Crimson Jester wrote:
Aberzombie wrote:

No, that just makes them aim for your special place, then stomp on you with steel toe boots while you writhe on the ground in agony.

Afterwards, while you lay there whimpering, they pour lime green jello all over you, and take pictures while goats lick it off.

These pictures end up on the internet.

So Montezuma's revenge then?

Something like that, but with more acid. Did I forget to mention the acid?


I hear red Prada slippers and clorox don't exactly mix...

Scarab Sages

That's just a vicious rumor spread by the rivals of Prada in order to undermine their sales.


Aberzombie wrote:

No, that just makes them aim for your special place, then stomp on you with steel toe boots while you writhe on the ground in agony.

Afterwards, while you lay there whimpering, they pour lime green jello all over you, and take pictures while goats lick it off.

These pictures end up on the internet.

I hear they have to specially train those goats to ensure that nobody's special place gets chewed off.

The Exchange

Aberzombie wrote:
That's just a vicious rumor spread by the rivals of Prada in order to undermine their sales.

They tend to do that, a lot. All we really want is clean clothing people!


Crimson Jester wrote:
Aberzombie wrote:
That's just a vicious rumor spread by the rivals of Prada in order to undermine their sales.
They tend to do that, a lot. All we really want is clean clothing people!

Really... God only knows what he dribbles on his shoes. :oP

The Exchange

Pathos wrote:
Crimson Jester wrote:
Aberzombie wrote:
That's just a vicious rumor spread by the rivals of Prada in order to undermine their sales.
They tend to do that, a lot. All we really want is clean clothing people!
Really... God only knows what he dribbles on his shoes. :oP

Hush you........... She likes 'em like that!

Dark Archive

Wait if he doesn't use clorox how does he keep his whites white?

Scarab Sages

Jeremy Mcgillan wrote:
Wait if he doesn't use clorox how does he keep his whites white?

Maybe Cheer (now with Improved Brightening!)

The Exchange

Aberzombie wrote:
Jeremy Mcgillan wrote:
Wait if he doesn't use clorox how does he keep his whites white?
Maybe Cheer (now with Improved Brightening!)

But it is so cheerful.

Scarab Sages

Crimson Jester wrote:
Aberzombie wrote:
Jeremy Mcgillan wrote:
Wait if he doesn't use clorox how does he keep his whites white?
Maybe Cheer (now with Improved Brightening!)
But it is so cheerful.

So, if Cheer is cheerful, what does that make Tide?

Tideful?

Silver Crusade

Aberzombie wrote:
Crimson Jester wrote:
Aberzombie wrote:
Jeremy Mcgillan wrote:
Wait if he doesn't use clorox how does he keep his whites white?
Maybe Cheer (now with Improved Brightening!)
But it is so cheerful.

So, if Cheer is cheerful, what does that make Tide?

Tideful?

Tidy.

Scarab Sages

Hmmm, good point. Why didn't I think of that?

The Exchange

Aberzombie wrote:
Hmmm, good point.

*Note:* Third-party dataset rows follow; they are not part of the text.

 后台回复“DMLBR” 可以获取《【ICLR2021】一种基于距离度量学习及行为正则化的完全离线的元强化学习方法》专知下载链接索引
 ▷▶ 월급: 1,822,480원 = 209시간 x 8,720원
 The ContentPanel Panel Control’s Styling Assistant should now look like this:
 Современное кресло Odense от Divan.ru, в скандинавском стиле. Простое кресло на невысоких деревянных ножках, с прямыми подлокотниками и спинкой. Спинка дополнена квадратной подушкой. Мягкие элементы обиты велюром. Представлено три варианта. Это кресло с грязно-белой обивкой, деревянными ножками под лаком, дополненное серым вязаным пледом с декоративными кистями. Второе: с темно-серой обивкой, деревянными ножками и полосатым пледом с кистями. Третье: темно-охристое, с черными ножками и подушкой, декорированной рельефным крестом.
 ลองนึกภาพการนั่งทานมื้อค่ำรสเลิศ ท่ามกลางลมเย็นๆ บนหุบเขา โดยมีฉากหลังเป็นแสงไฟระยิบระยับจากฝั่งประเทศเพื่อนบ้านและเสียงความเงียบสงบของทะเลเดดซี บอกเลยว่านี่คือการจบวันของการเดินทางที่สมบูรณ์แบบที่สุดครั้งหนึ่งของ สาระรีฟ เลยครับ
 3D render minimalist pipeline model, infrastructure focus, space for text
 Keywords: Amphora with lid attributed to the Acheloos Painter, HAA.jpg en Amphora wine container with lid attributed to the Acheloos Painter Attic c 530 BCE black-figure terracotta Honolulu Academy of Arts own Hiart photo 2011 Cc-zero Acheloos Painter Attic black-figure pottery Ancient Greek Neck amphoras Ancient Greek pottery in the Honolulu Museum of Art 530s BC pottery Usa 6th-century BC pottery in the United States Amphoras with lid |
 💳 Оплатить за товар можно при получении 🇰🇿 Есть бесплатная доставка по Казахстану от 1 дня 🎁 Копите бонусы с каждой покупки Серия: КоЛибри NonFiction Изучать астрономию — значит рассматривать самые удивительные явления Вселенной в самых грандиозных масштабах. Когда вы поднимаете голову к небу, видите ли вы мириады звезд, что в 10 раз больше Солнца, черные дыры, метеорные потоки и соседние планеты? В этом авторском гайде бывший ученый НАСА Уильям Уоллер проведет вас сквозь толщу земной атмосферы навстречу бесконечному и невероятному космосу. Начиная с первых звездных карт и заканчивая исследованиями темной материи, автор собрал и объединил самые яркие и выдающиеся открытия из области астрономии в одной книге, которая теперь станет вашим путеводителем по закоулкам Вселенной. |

Why didn't I think of that?

Not enough brains in your diet. The pickings are slim here lately.


{watches Mr. Clean nail 95 Magic Erasers to the front door}

The Exchange

Ambrosia Slaad wrote:
{watches Mr. Clean nail 95 Magic Erasers to the front door}

Hey about 80 of those got used. And they cleaned up quite a mess.


Crimson Jester wrote:
Ambrosia Slaad wrote:
{watches Mr. Clean nail 95 Magic Erasers to the front door}
Hey about 80 of those got used. And they cleaned up quite a mess.

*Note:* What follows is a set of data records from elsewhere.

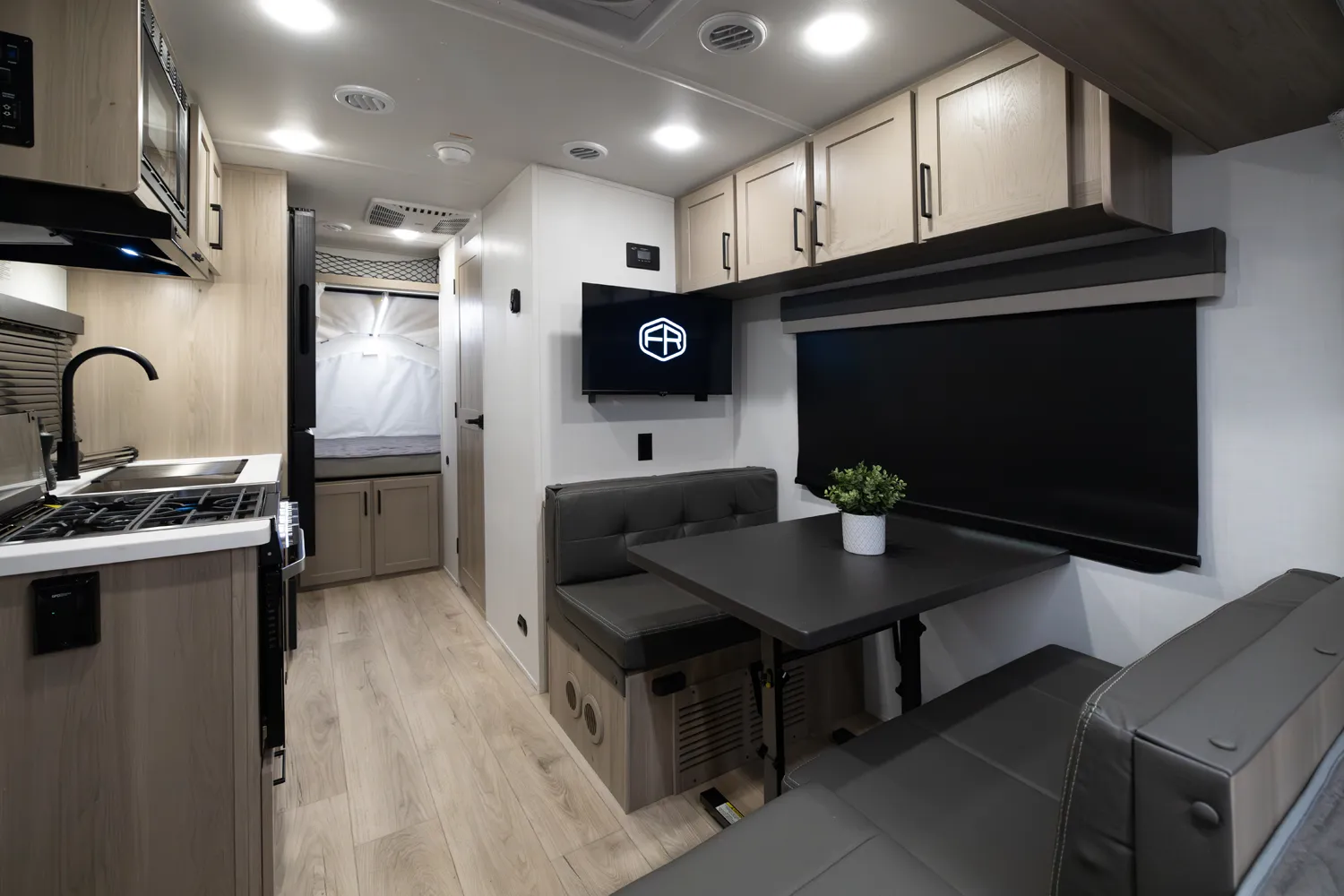 The 17E is Flagstaff’s first and only single-axle hybrid, making it both lighter and easier to tow than traditional hybrids without sacrificing features. Its smart design delivers comfortable sleeping, dining, and living spaces in a compact footprint. This floorplan is perfect for adventurers who want big camping experiences with minimal towing hassle.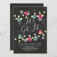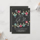 Vamos Feriado Obtenha Convite de festas coquetel com cordas de natal com ornamentos vermelhos e verdes e flocos de neve colocados em um popular fundo preto de quadro negro. Sacudir nosso convite exclusivo para ver uma correspondência de volta para um toque especial extra. Convite perfeito para um bairro se reunir, festa de escritório, festa de coquetel de escritório ou festa de Véspera de ano novo,
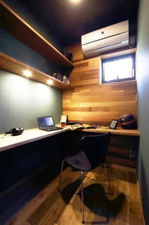 もともとあった外との出入口は明り取りの小窓に変更し、ご主人のお好みで空間全体を落ち着いたダーク系でコーディネイトしました。照明はシンプルに棚に埋め込み型のダウンライトを採用。ネット環境も整えました。

If they erased stupid internet threads, then they'd really be magic.

Also, they are not a suitable substitute for eye bleach.

Edit: Stupid internet threads=not this one. The stupid internet threads know who they are.

The Exchange

Ambrosia Slaad wrote:
Crimson Jester wrote:
Ambrosia Slaad wrote:
{watches Mr. Clean nail 95 Magic Erasers to the front door}
Hey about 80 of those got used. And they cleaned up quite a mess.

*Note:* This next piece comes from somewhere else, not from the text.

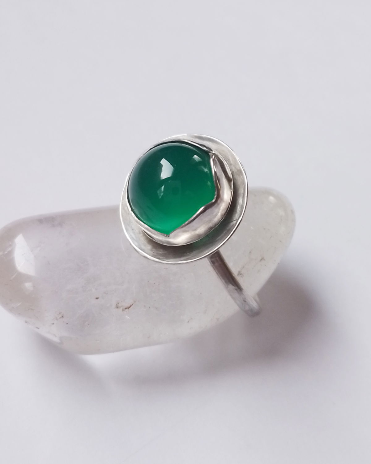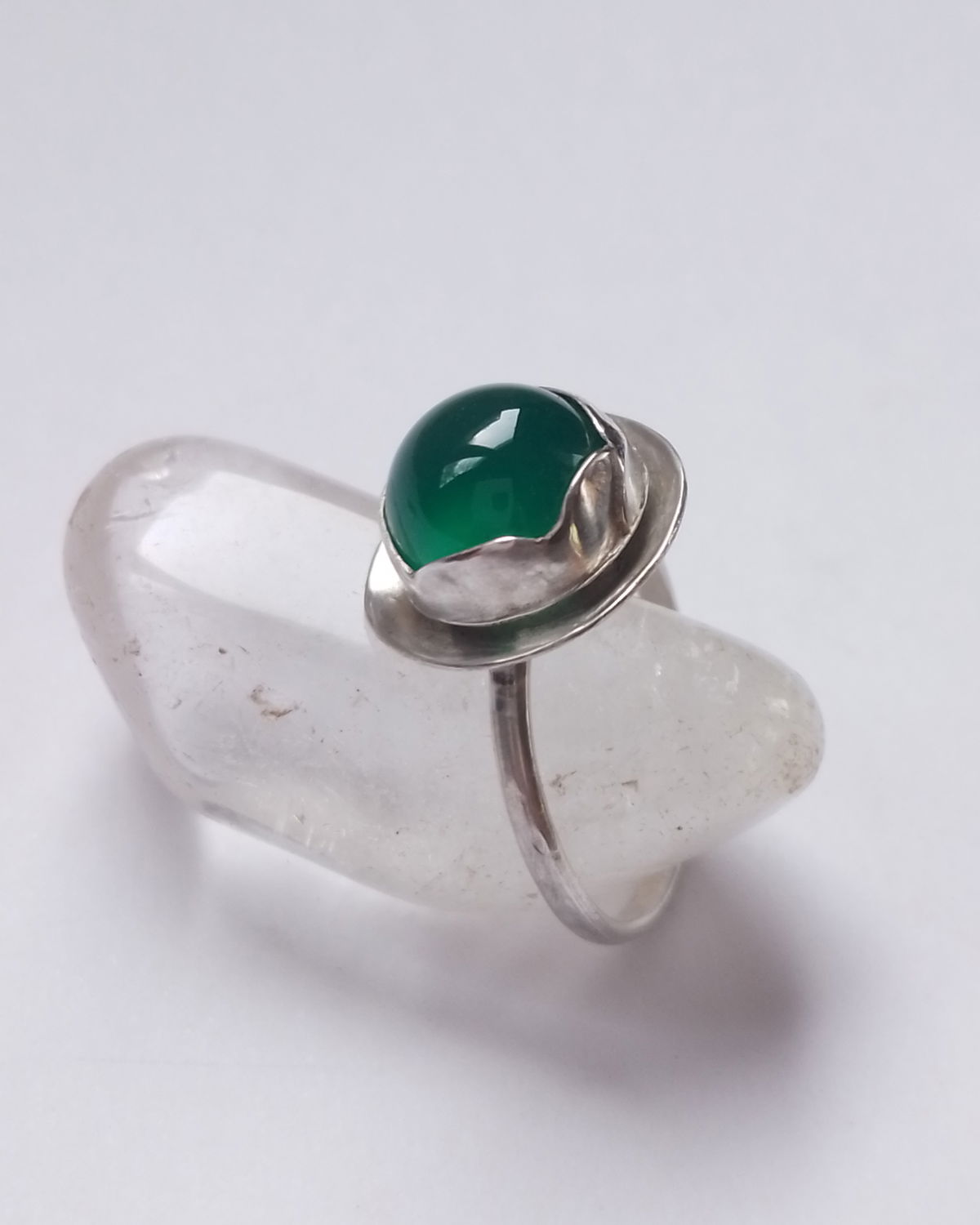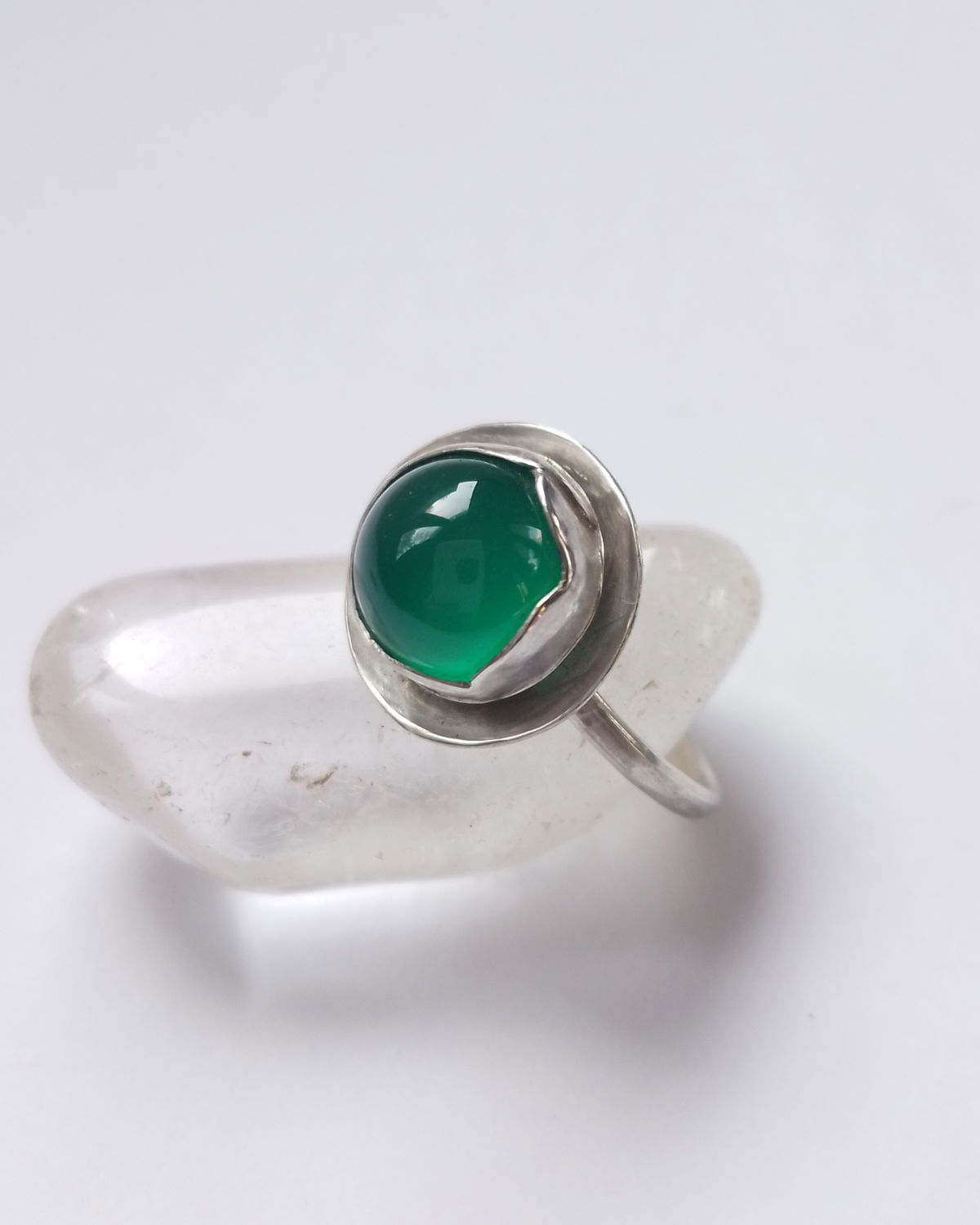 Anillo de Plata 925 con piedra Domo FLor Onix Verde. Joyería de autora, diseños exclusivos, hechos a mano artesanalmente.
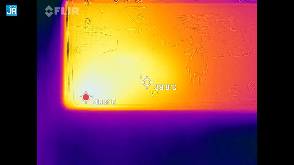 Setelah 30 menit, kami coba ukur suhu permukaan smartphone. Untuk sisi depan, titik terpanas ada di area atas layar, di kiri kamera selfie. Suhunya bisa mencapai sekitar 40°C – 41°C. Panas terlihat disebarkan hanya ke 1/3 bagian atas layar saja. Area tengah dan bawah layar suhunya masih cukup rendah, 36°C ke bawah.

If they erased stupid internet threads, then they'd really be magic.

Also, they are not a suitable substitute for eye bleach.

Edit: Stupid internet threads=not this one. The stupid internet threads know who they are.

Just kick them when they are down.

The Exchange

Damn I need to do some laundry now!

Scarab Sages

hand CJ some Clorox 2 and shows him where the washing machine is

It's a front loader - waaaayyy better for the environment!